> [Exercise description]
Could you reproduce all the entries under this sentence exactly, leaving the images aside?

#####

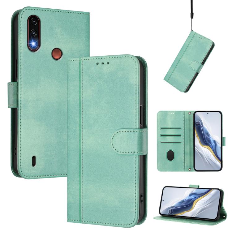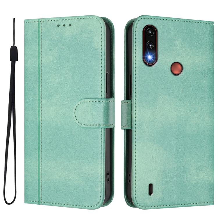 For Motorola Moto E7 Power 2021 Line Splicing Buckle Retro Leather Phone Case(Mint)
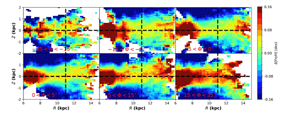 图为不同方位角下金属丰度在R-Z平面上分布图。
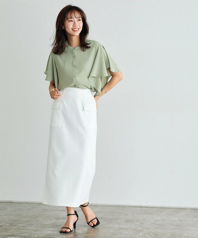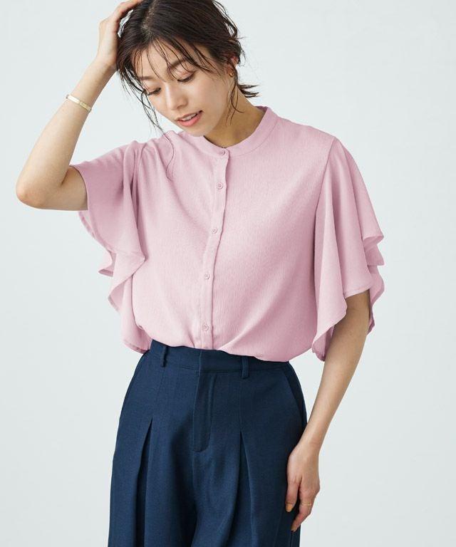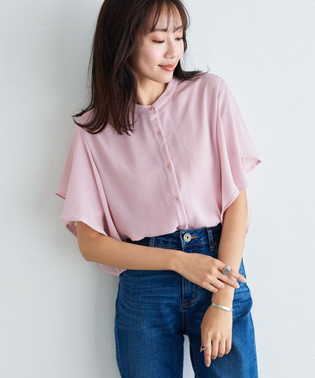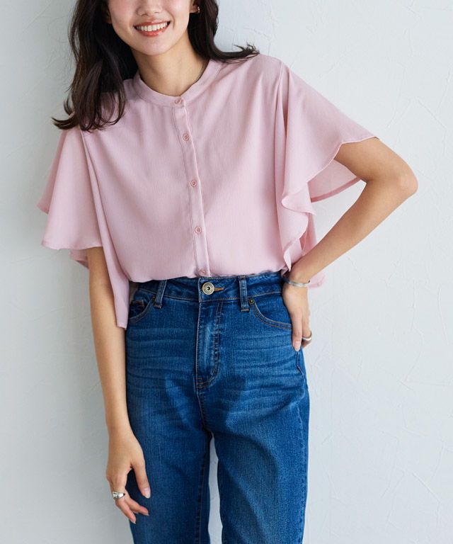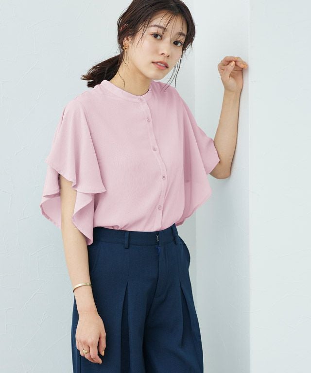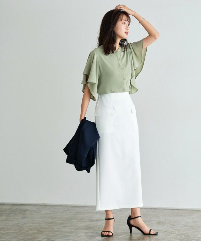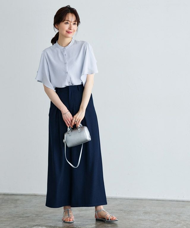女性らしく華やかな印象を与えてくれるフレアデザイン。フレアスリーブは気になる二の腕を隠しつつ、華奢見せを叶えてくれます。裾は二枚仕立てのデザインをあしらい、一枚で着映え感のあるブラウスに仕上げました。
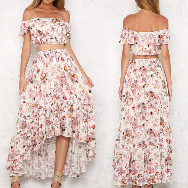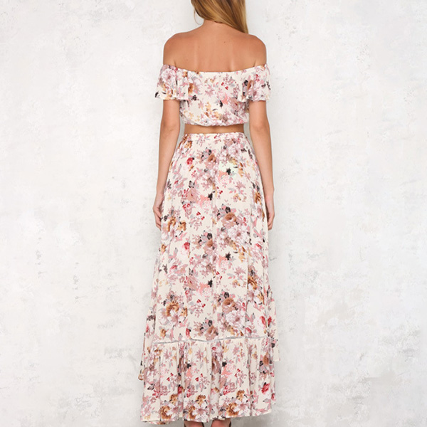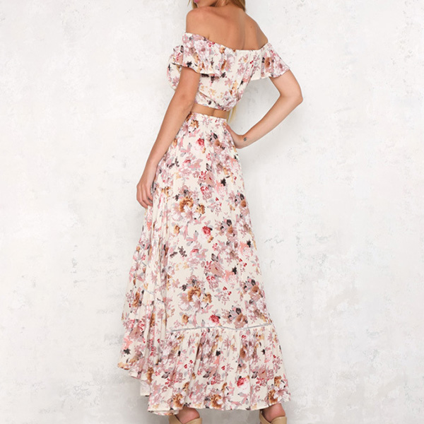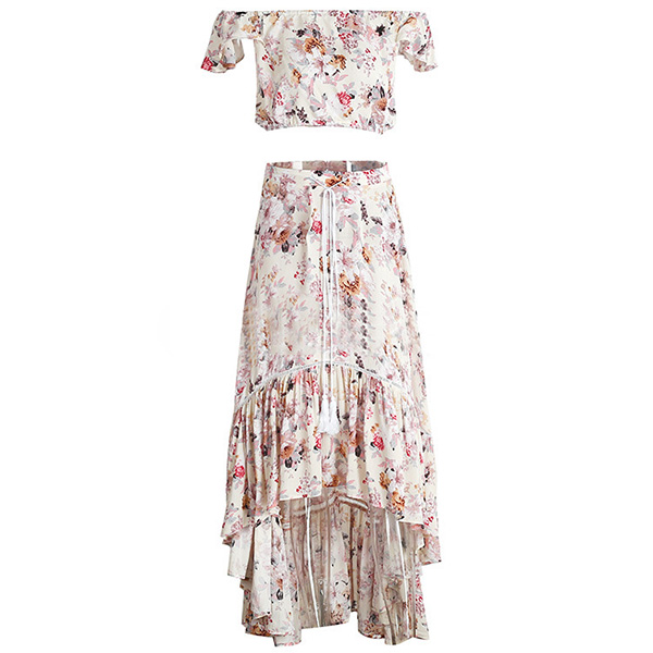 and vibrant floral print,including an off-shoulder wide neckline crop top and a high waist high-low hem skirt,
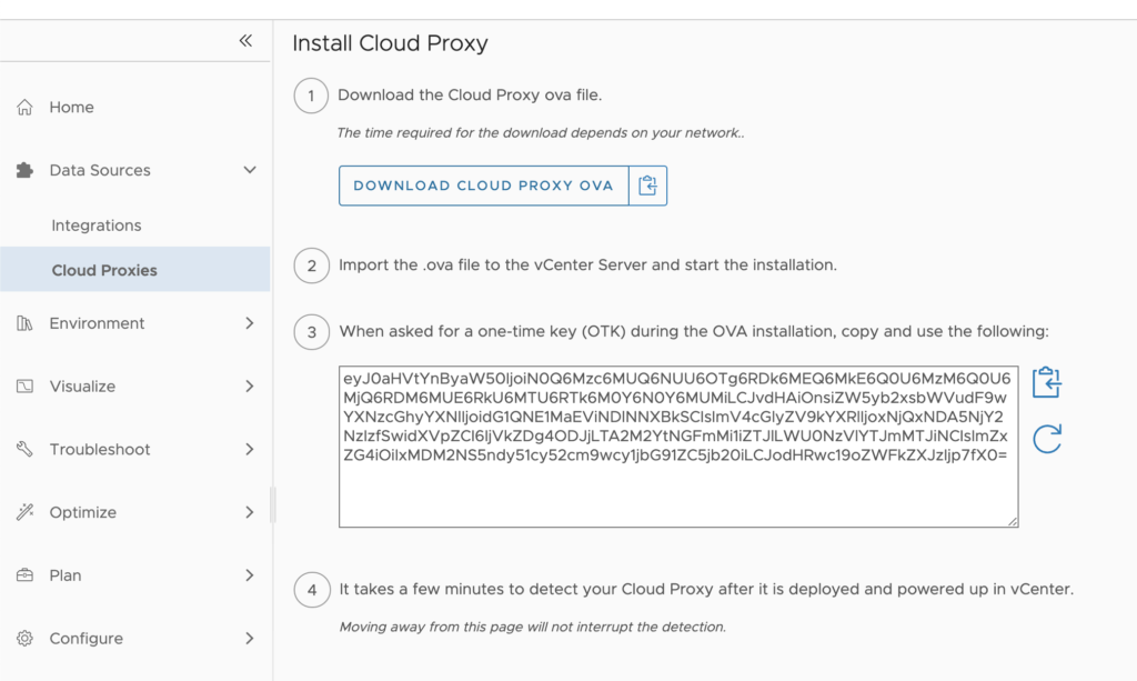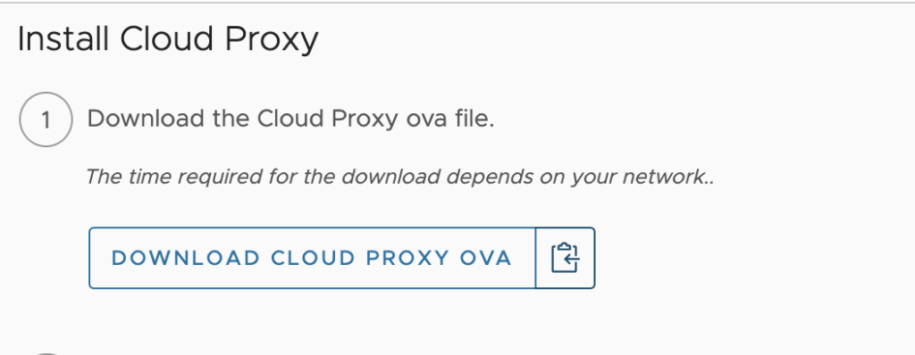 Here we can see the download cloud proxy OVA option as well as a copy button. We can also see the OTK key. Keep a note of this as we will need it during the deployment. The first step is do get the proxy deployed. by either downloading the OVA or by copying the url. In my case i will copy the URL.
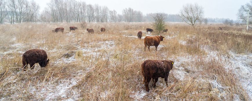 De gekozen rassen, hier Rode Geus en konik, zijn goed aangepast aan het leven in de natuur en voor deze paarden en runderen is het dan ook geen bezwaar om de hele winter buiten te blijven. In de loop van de zomer ontwikkelen ze een dikke speklaag en in de winter krijgen ze een extra dikke wintervacht, waardoor ze goed uitgerust zijn tegen de kou. Mocht aan het eind van de winter blijken dat de dieren te veel zijn afgevallen, dan wordt er bijgevoerd.
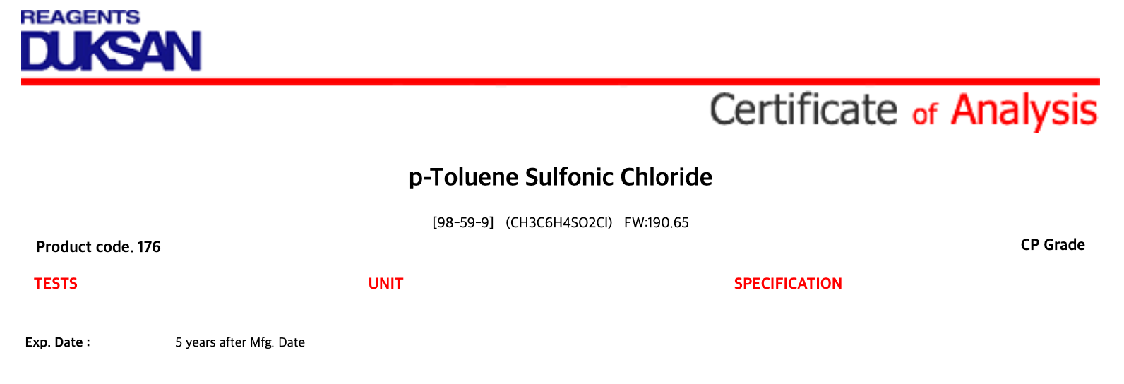 | 품명 : | p-Toluene Sulfonic Chloride |

#####

> [Task answer]
 For Motorola Moto E7 Power 2021 Line Splicing Buckle Retro Leather Phone Case(Mint)
 图为不同方位角下金属丰度在R-Z平面上分布图。
女性らしく華やかな印象を与えてくれるフレアデザイン。フレアスリーブは気になる二の腕を隠しつつ、華奢見せを叶えてくれます。裾は二枚仕立てのデザインをあしらい、一枚で着映え感のあるブラウスに仕上げました。
 and vibrant floral print,including an off-shoulder wide neckline crop top and a high waist high-low hem skirt,
 Here we can see the download cloud proxy OVA option as well as a copy button. We can also see the OTK key. Keep a note of this as we will need it during the deployment. The first step is do get the proxy deployed. by either downloading the OVA or by copying the url. In my case i will copy the URL.
 De gekozen rassen, hier Rode Geus en konik, zijn goed aangepast aan het leven in de natuur en voor deze paarden en runderen is het dan ook geen bezwaar om de hele winter buiten te blijven. In de loop van de zomer ontwikkelen ze een dikke speklaag en in de winter krijgen ze een extra dikke wintervacht, waardoor ze goed uitgerust zijn tegen de kou. Mocht aan het eind van de winter blijken dat de dieren te veel zijn afgevallen, dan wordt er bijgevoerd.
 | 품명 : | p-Toluene Sulfonic Chloride |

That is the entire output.